Are you trying to clear between trees or are you doing full scale land clearing? A SSteer will be better to get in between the trees. If you want to pull up the stumps then a backhoe is a better bet. The L-35 will work nicley on 4-6" stumps, and will take out much larger stumps if needed. Be careful, though, you can spend an awful lot of your rental time on one stump! Are you going to use a saw first or just uproot and bulldoze the brush? If you can you may want to rent a set of pallet forks or even a set of grapple forks to sweep the brush into a nice burn pile. The larger pieces of equipment won't be able to work around trees as well. You don't want to damage the remaining trees, which you may want for logs at a later date. I have cleared a lot of ground with my L-48 and it is more versatile than just a SS.

And for a way out in left field idea, maybe you could purchase a used B-21 Kubota (baby of the L-35), I don't know what you plan on doing with your property in the future, but think of the amount you will spend on rentals, and what your future needs may be. The B-21 has a removable backhoe so you could use it as a mini farm tractor as well in the future and for many of the phases of building your homestead. The L-35 and L-48 also have removable backhoes and 3point hitch.


----------



## boonieman (Dec 28, 2005)

The last skidsteer loader I rented within the first 15 minutes it was stuck (not on tracks) and I spent the first two hours dragging it out with the tractor. I'm not talking about mud, just a moist depression. If you are wanting to clear out a bunch of saplings, small trees and underbrush I agree with the previous comments about a tracked loader or dozer. You'll be money ahead and a lot more satisfied with the end result in my opinion. Heck, might as well rent it for two days and build a pond while you're at it!!!


----------



## oz in SC (May 13, 2002)

Thanks for all the replies...  

We aren't planning to clear ALL the land,just get rid of the brush and brambles so we can see where things will go.

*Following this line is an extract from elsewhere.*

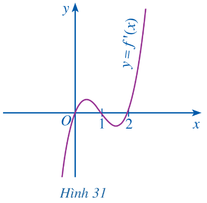 \(y=f\left(x\right)=\frac{1}{4}x^4-x^3+x^2+1\) có đồ thị hàm số y = f'(x) cho ở Hình 31.

We have already decided one slope along the driveway will remain wooded and we will plant some fruit trees there,it will not be cleared as heavily as the part behind the barn which is going to be pasture-although pasture with as many trees as we can have and still have grass...

Near the big creek is all flat and overgrown with some fairy tale like growth of thorns(right out of Cinderella) and that will most likely be all grass except for the cane growing along the creek(hence the creek's name-Cane Creek.  )

The slope in front of the homesite will be cleared but again with as many trees as possible without obstructing the view(we chanced into some GREAT mountain views  ) from the future home.

So it isn't outright clearing as with a dozer(the guy doing the driveway has offered to clear the land with his dozer while he is finishing the pad for the barn and the driveway) but more like getting rid of brush,finding what is what(although it seems pretty good so far-no major problems like rocks or steep slopes) and prepping it for the next big step...

Thanks again.


----------